Stored items:
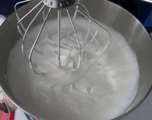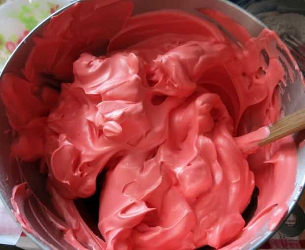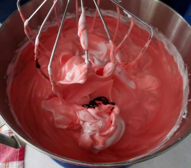 En el recipiente de una batidora de pie bate claras de huevo y crema de tártaro a velocidad baja hasta que acaba roto arriba y espumosa, aproximadamente 1 minuto. Aumentar la velocidad a media-alta y batir las claras a montículos suaves y ondulantes, aproximadamente 1 minuto. Con la batidora a velocidad media, batir en la sal y 3/4 taza de azúcar, 1 cucharada a la vez, hasta que se agrega el azúcar y los blancos son brillantes y picos de forma suave, 1 a 3 minutos. Añadir vainilla y rojo gel alimento pasta y batir hasta que quede apenas mezclado. (Use velocidad media para obtener la pasta de gel mezclada en el color que desee, se verá como un rosa coral, el color se profundizará después de agrega el cacao en polvo)
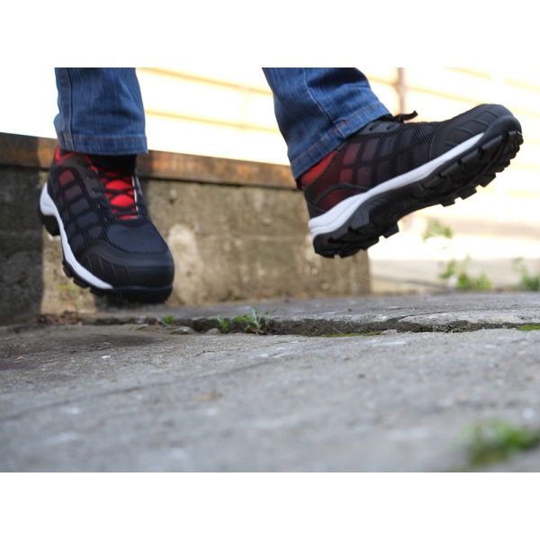 Półbuty nie zawierają metalu. Wkładka antyprzebiciowa oraz podeszwa nie ograniczają zgięć śródstopia. Struktura siateczki w połączeniu z materiałem wyściółki zapewnia przewiewność.
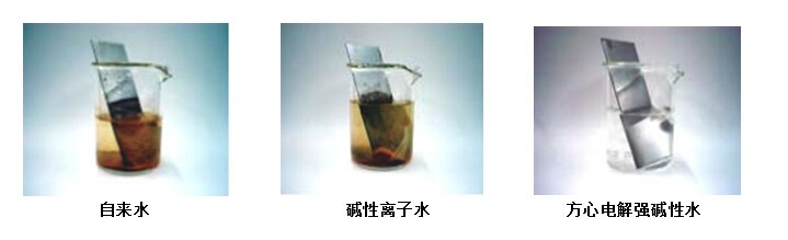將SPCC板分別浸泡在裝有自來(lái)水、堿性離子水、和PH值為11.7的強(qiáng)電解堿性水的燒瓶中,室溫下放置8天觀察,浸泡在自來(lái)水中的SPCC板只過(guò)了2個(gè)小時(shí)即已開(kāi)始生銹,而浸泡在碳酸鉀堿性電解水中的SPCC板經(jīng)過(guò)了8天也未生銹。
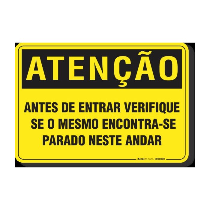 PLACA ATENÇÃO ANTES DE ENTRAR VERIFIQUE SE O MESMO ENCONTRA-SE PARADO NESTE ANDAR
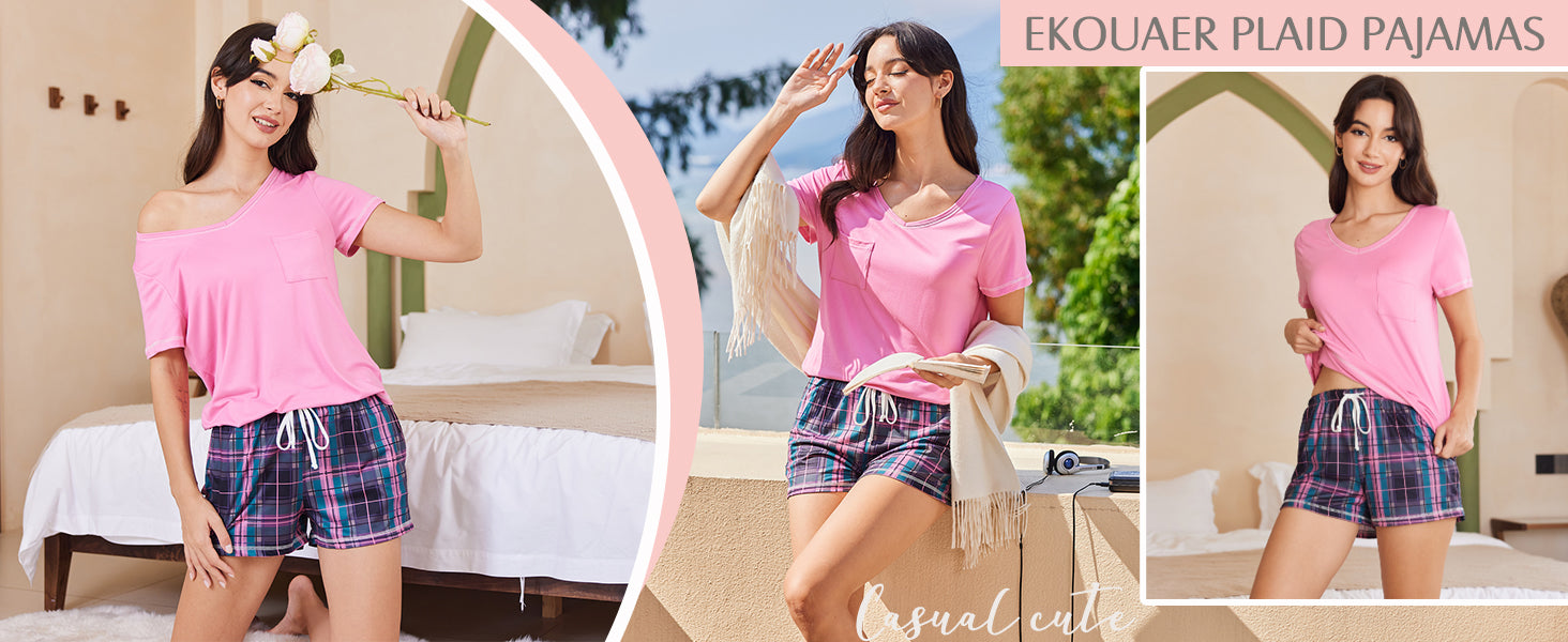 Ekouaer Women's Pajamas Sets Short Sleeve Lounge Sets Sleepwear Casual Two Piece Pjs With Pockets
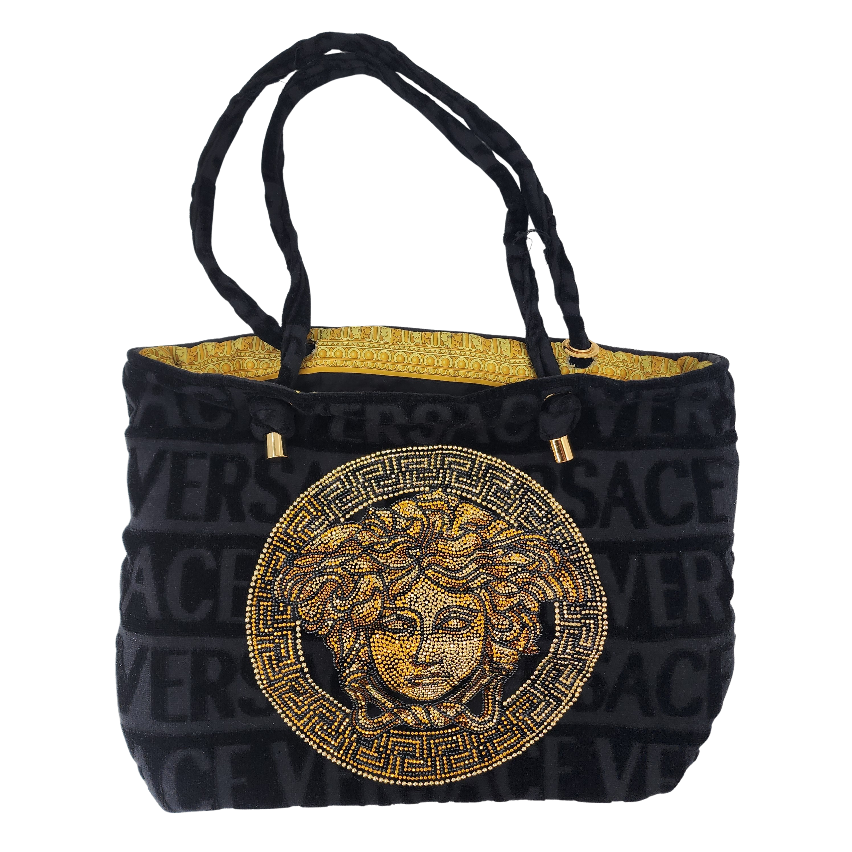 Versace Icon Towelling Tote Bag – One Size – luxury designer tote crafted from plush towelling fabric featuring the iconic Versace Medusa detailing. Shop this exclusive Versace bag on sale today for a bold, elegant, and statement-making look.

→ **Required action**
Each record above must be retyped exactly as given, with the images excluded.

→ **Problem solution**
 En el recipiente de una batidora de pie bate claras de huevo y crema de tártaro a velocidad baja hasta que acaba roto arriba y espumosa, aproximadamente 1 minuto. Aumentar la velocidad a media-alta y batir las claras a montículos suaves y ondulantes, aproximadamente 1 minuto. Con la batidora a velocidad media, batir en la sal y 3/4 taza de azúcar, 1 cucharada a la vez, hasta que se agrega el azúcar y los blancos son brillantes y picos de forma suave, 1 a 3 minutos. Añadir vainilla y rojo gel alimento pasta y batir hasta que quede apenas mezclado. (Use velocidad media para obtener la pasta de gel mezclada en el color que desee, se verá como un rosa coral, el color se profundizará después de agrega el cacao en polvo)
 Półbuty nie zawierają metalu. Wkładka antyprzebiciowa oraz podeszwa nie ograniczają zgięć śródstopia. Struktura siateczki w połączeniu z materiałem wyściółki zapewnia przewiewność.
將SPCC板分別浸泡在裝有自來(lái)水、堿性離子水、和PH值為11.7的強(qiáng)電解堿性水的燒瓶中,室溫下放置8天觀察,浸泡在自來(lái)水中的SPCC板只過(guò)了2個(gè)小時(shí)即已開(kāi)始生銹,而浸泡在碳酸鉀堿性電解水中的SPCC板經(jīng)過(guò)了8天也未生銹。
 PLACA ATENÇÃO ANTES DE ENTRAR VERIFIQUE SE O MESMO ENCONTRA-SE PARADO NESTE ANDAR
 Ekouaer Women's Pajamas Sets Short Sleeve Lounge Sets Sleepwear Casual Two Piece Pjs With Pockets
 Versace Icon Towelling Tote Bag – One Size – luxury designer tote crafted from plush towelling fabric featuring the iconic Versace Medusa detailing. Shop this exclusive Versace bag on sale today for a bold, elegant, and statement-making look.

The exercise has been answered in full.